Thermoresponsive unimolecular micelles with a hydrophobic dendritic core and a double hydrophilic block copolymer shell

Biocompatible stimuli-responsive unimolecular polymeric micelles have attracted much interest due to their unique structures and potential applications in biomedical fields such as drug delivery and tissue engineering. Here, we report the preparation of dendritic unimolecular polymeric micelles with temperature sensitive shells via reversible addition-fragmentation transfer (RAFT) technique.

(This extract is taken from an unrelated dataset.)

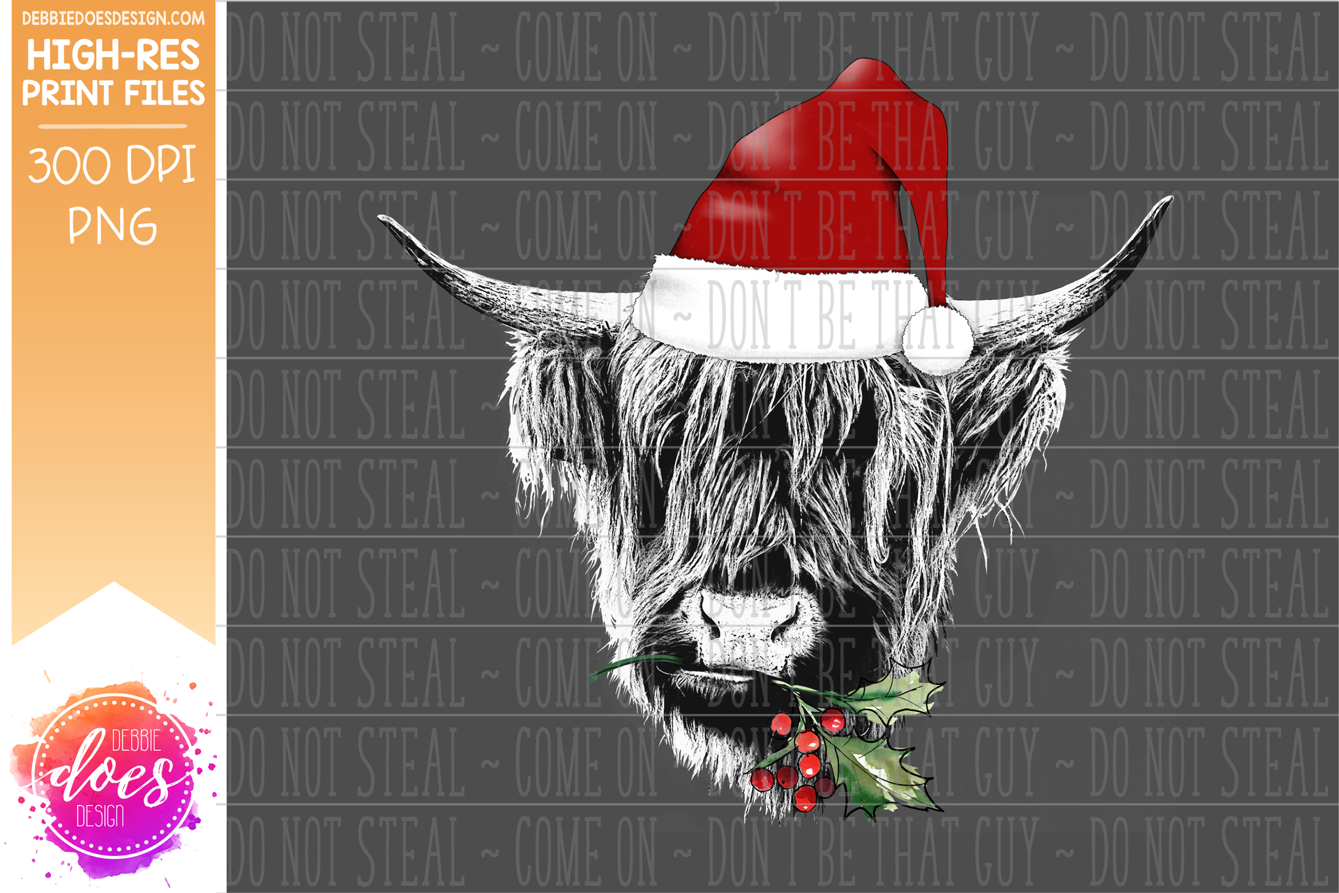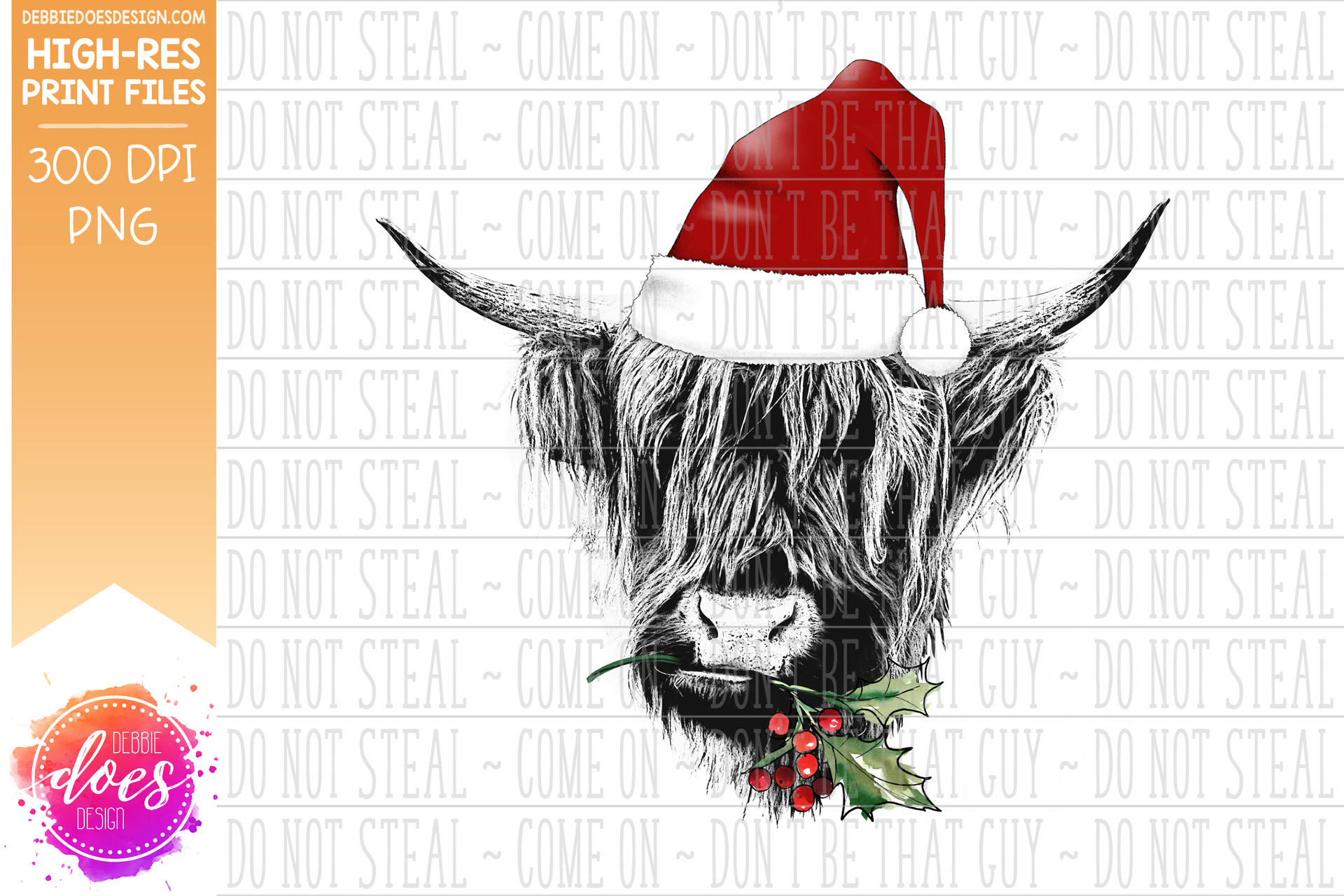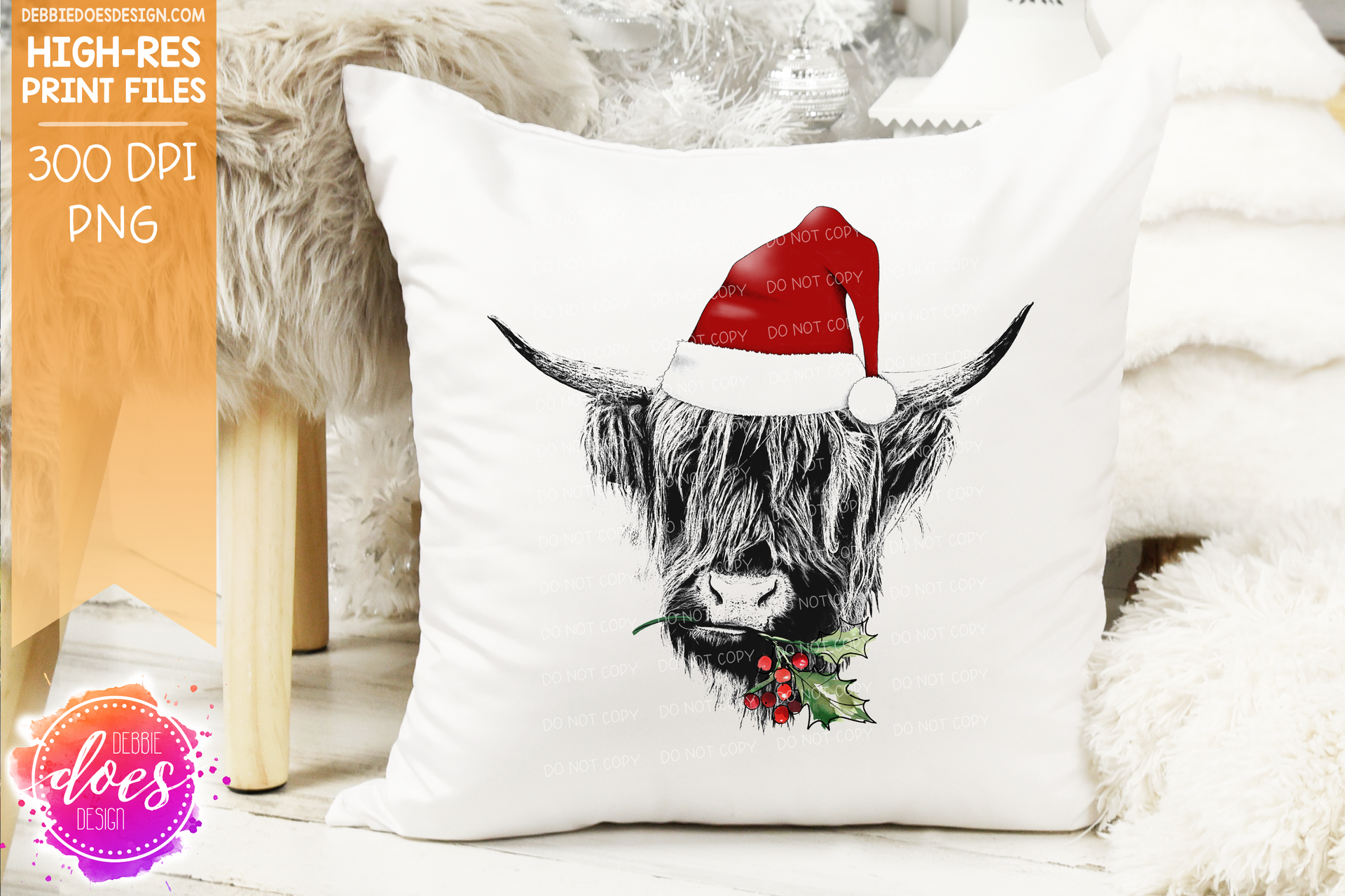 Santa Hat Highland Cow Sketch with Holly - Sublimation/Printable Design

A multi-arm star amphiphilic copolymer (H40-PDEA) with a hydrophobic hyperbranched polyester (Boltorn H40) as the core and the grafted poly(N,N-diethylacrylamide) (PDEA) as the shell was prepared using H40 based macroRAFT agent. And a dendritic unimolecular polymer (H40-PDEA-PDMA) with a double hydrophilic block copolymer (DHBC) [PDEA-b-poly(2-(dimethylamino)ethyl methacrylate) (PDEA-b-PDMA)] as the dual thermoresponsive shells was synthesized by H40-PDEA based macroRAFT agent. Both H40-PDEA and H40-PDEA-PDMA have a reversible phase transition behavior in aqueous solution. In particular, the unimolecular polymeric micelles H40-PDEA-PDMA with double thermoresponsive shells exhibit a two-stage phase transition behavior. Laser light scattering (LLS), UV-vis transmittance, excimer fluorescence measurements, and micro-differential scanning calorimetry (micro-DSC) were used in combination to probe the conformational changes of chains located at the inner layer and outer corona during the phase transition process.